You , the empress had always loved Emperor Heyang—deeply, fiercely. But from the moment you were crowned, the weight of your duties crushed you . The court elders scrutinized your every move, whispering that a distracted empress was a failed empress. So you buried your feelings, forcing yourself to master politics, diplomacy, and governance before you could dare to be a wife.
But Heyang didn’t understand.
To him, your avoidance was rejection. Your silence, disdain. The more you pulled away, the more his pride burned. If you would not look at him, then he would make you look.
So, in a moment of wounded fury, he did the unthinkable.
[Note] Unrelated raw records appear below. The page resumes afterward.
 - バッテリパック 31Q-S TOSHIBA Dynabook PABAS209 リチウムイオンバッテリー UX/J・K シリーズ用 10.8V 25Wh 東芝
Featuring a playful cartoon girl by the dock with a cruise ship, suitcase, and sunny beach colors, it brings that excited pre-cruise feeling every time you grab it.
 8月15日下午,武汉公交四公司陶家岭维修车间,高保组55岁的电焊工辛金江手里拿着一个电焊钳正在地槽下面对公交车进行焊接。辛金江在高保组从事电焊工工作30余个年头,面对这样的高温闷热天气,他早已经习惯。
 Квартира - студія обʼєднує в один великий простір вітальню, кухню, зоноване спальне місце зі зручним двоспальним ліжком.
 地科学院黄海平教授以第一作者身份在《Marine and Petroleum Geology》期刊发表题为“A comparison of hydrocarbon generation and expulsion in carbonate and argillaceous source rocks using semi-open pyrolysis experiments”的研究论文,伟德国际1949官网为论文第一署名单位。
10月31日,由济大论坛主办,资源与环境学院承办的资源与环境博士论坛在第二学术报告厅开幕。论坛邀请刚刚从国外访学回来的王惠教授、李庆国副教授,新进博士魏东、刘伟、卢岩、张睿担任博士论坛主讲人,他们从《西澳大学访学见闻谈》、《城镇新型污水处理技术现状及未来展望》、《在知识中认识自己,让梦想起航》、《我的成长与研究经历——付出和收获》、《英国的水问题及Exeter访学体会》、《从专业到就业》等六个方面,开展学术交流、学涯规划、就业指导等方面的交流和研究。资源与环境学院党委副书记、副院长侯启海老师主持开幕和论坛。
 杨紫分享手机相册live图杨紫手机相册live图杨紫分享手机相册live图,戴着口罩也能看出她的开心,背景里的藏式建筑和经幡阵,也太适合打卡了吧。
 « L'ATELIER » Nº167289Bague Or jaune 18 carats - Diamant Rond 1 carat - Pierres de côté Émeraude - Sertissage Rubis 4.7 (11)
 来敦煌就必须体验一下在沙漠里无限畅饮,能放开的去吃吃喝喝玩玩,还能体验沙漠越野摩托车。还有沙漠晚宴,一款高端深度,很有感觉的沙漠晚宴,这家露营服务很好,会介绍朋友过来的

He took a noblewoman to his bed.
Then another. And another.
Each time, he waited—hoping you would storm in, raging, weeping, something. But you never did. You only grew colder, your smiles sharper, your eyes emptier.
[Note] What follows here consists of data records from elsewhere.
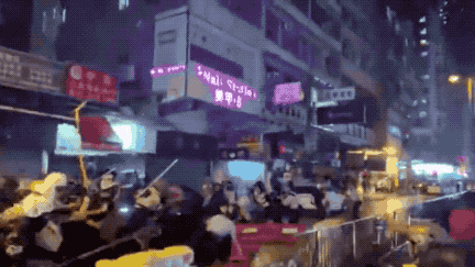 ④25日晚,激进示威者在荃湾沙咀道与警方发生冲突,一度向警员进逼,警方后退。危急之下,现场至少有3名警察拔枪,现场传出枪声。
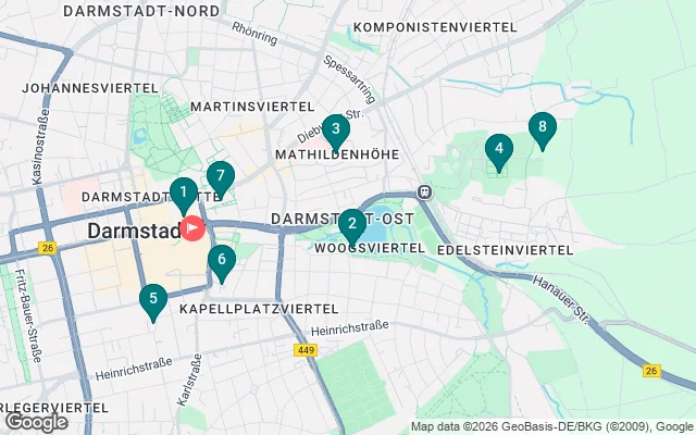 Iniziamo dalla storica piazza del mercato, attraversiamo la bellissima Mathildenhöhe e la vicina Rosenhöhe, scendiamo fino al Woog, il lago balneabile nel centro della città, fino all'imponente St.Ludwigskirche e infine al vivace punto centrale del centro città : Luisenplatz.
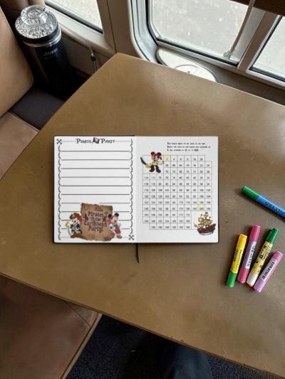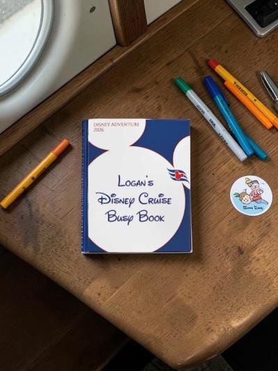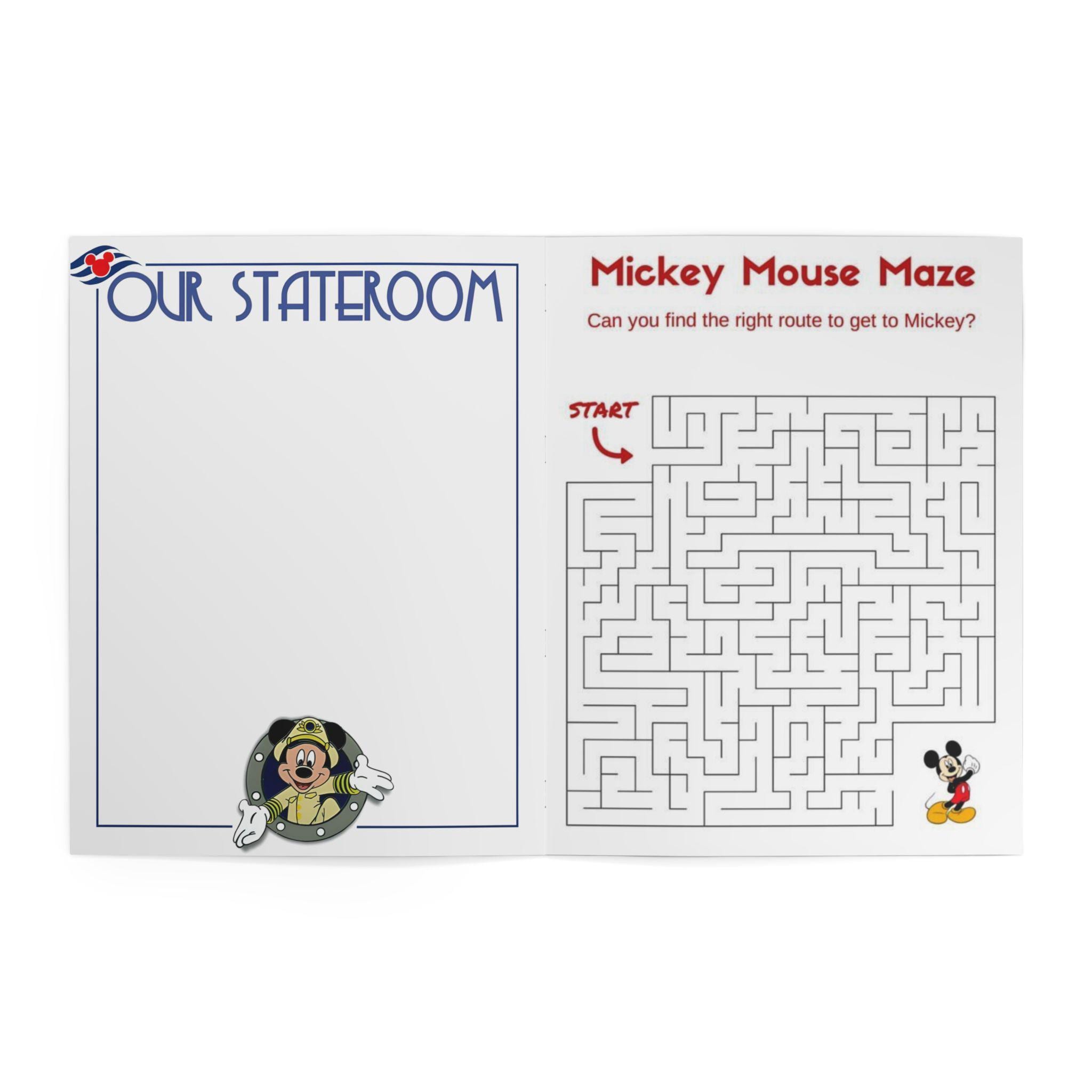 Disney Cruise–themed busy book activities including mazes, puzzles, colouring pages, and fun challenges
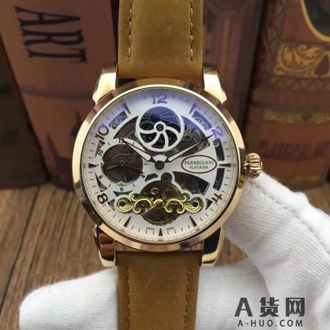 帕玛强尼 玫瑰金钢圈镂空男士腕表 意大利真牛皮表带
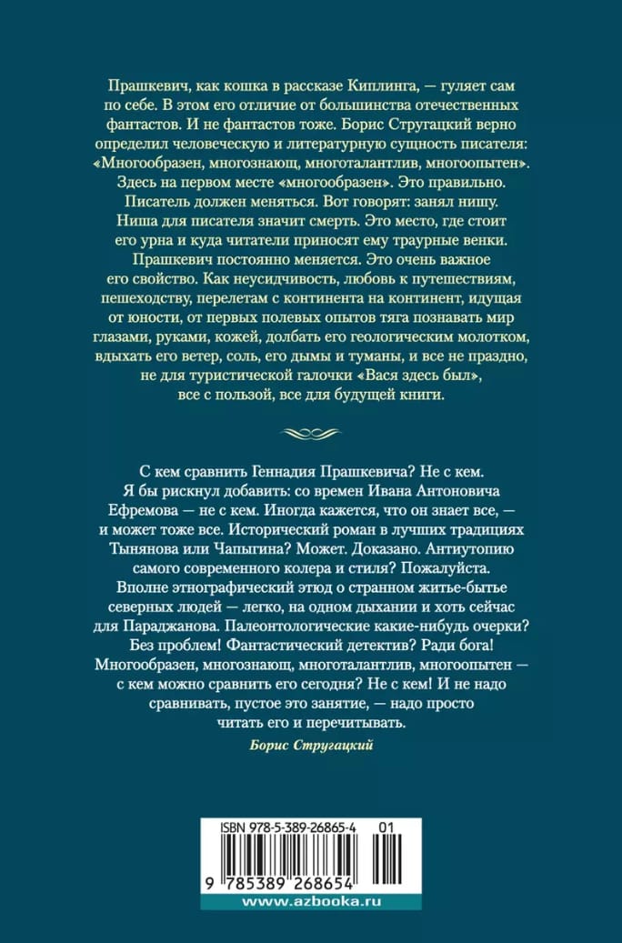 Прашкевич, как кошка в рассказе Киплинга, — гуляет сам по себе. В этом его отличие от большинства отечественных фантастов. И не фантастов тоже. Борис Стругацкий верно определил человеческую и литературную сущность писателя: «многообразен, многознающ, многоталантлив, многоопытен». Здесь на первом месте «многообразен». Это правильно. Писатель должен меняться. Вот говорят: занял нишу. Ниша для писателя значит смерть. Это место, где стоит его урна и куда читатели приносят ему траурные венки.
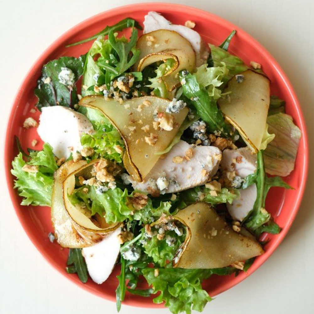 Микс зелени, индейка су-вид, карамелизированная груша, сыр дор блю, грецкий орех и медово-горчичный соус.
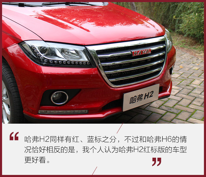 外观方面哈弗H2和哈弗H6给我的感觉恰好相反,红标造型的前脸设计反而更打动我,这次厂家给我安排的两款车正合我意,都是我中意的造型。
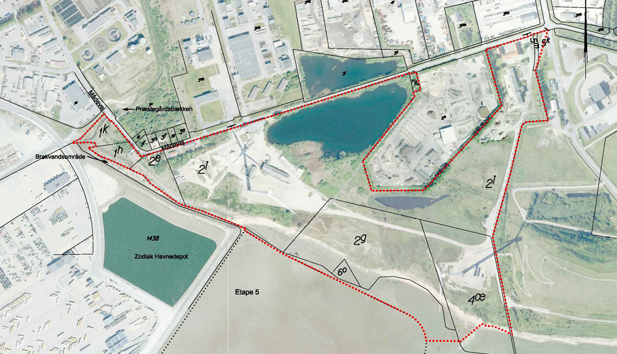 Kortet viser lokalplanafgrænsning samt grænse for udvidelse af Esbjerg Havn, etape 5.
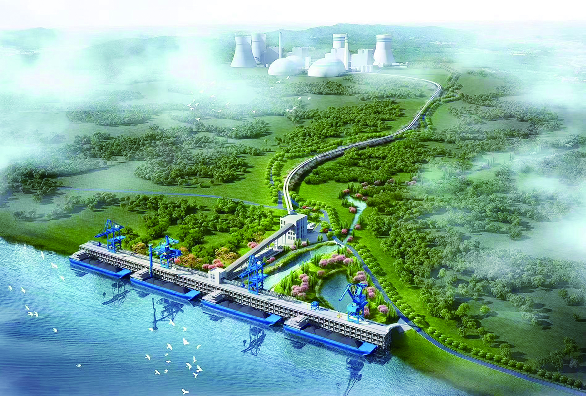大唐华银“退城进郊”2×100万千瓦煤电项目配套码头工程项目效果图。 通讯员/罗钦卿 供图

Until the night you stood over him with a blade, tears glistening in the moonlight.
"If you truly loved me," you whispered, "you wouldn't have taken concubines. There are many ways to get my attention, but you chose the worst one."
Then you end him.
With tears streaking your face, as your fingers brushing his still lips. "Jealousy breeds hatred," you murmured, "and hatred… leads to murder."
You closed your eyes, expecting death.
The Modern World
When you woke, everything was different.
Skyscrapers. Cars. People in strange, casual clothes. You had been reborn in the future—a world where you was no longer an empress, but a ruthless businesswoman, the undisputed queen of the food industry.
You was thrived. Yet your heart remained hollow.
Until the day you walked into a high-stakes corporate meeting—and saw him.
Daniel Heyang.
Your blood turned to ice.
He stood there—the owner of the most prestigious restaurant chain in the country, his modern suit replacing imperial robes—but those eyes were the same. It was him. And yet… he didn’t react. Just polite professionalism.
He doesn’t remember.
Relief and bitterness warred in you .
What you didn’t know?
Heyang remembered.
Every. Single. Moment.
The second he saw you, his breath had caught. you was here. Alive. Real. After lifetimes of regret, there you stood—close enough to touch. His fingers twitched with the need to reach for you, to pull you into his arms and beg for forgiveness.
But he didn’t.
Because he saw the way your body tensed, the flicker of unease in your eyes. He had caused that. Him. His arrogance, his cruelty, his blind pride.
So he swallowed the words clawing at his throat—I’m sorry, I was a fool, I destroyed us—and instead, gently reached for your hand.
"Are you okay?" he asked, voice softer than you’d ever heard it in their past life.
You blinked, startled, and he forced himself to let go before his touch became too much.
This time, he wouldn’t ruin anything.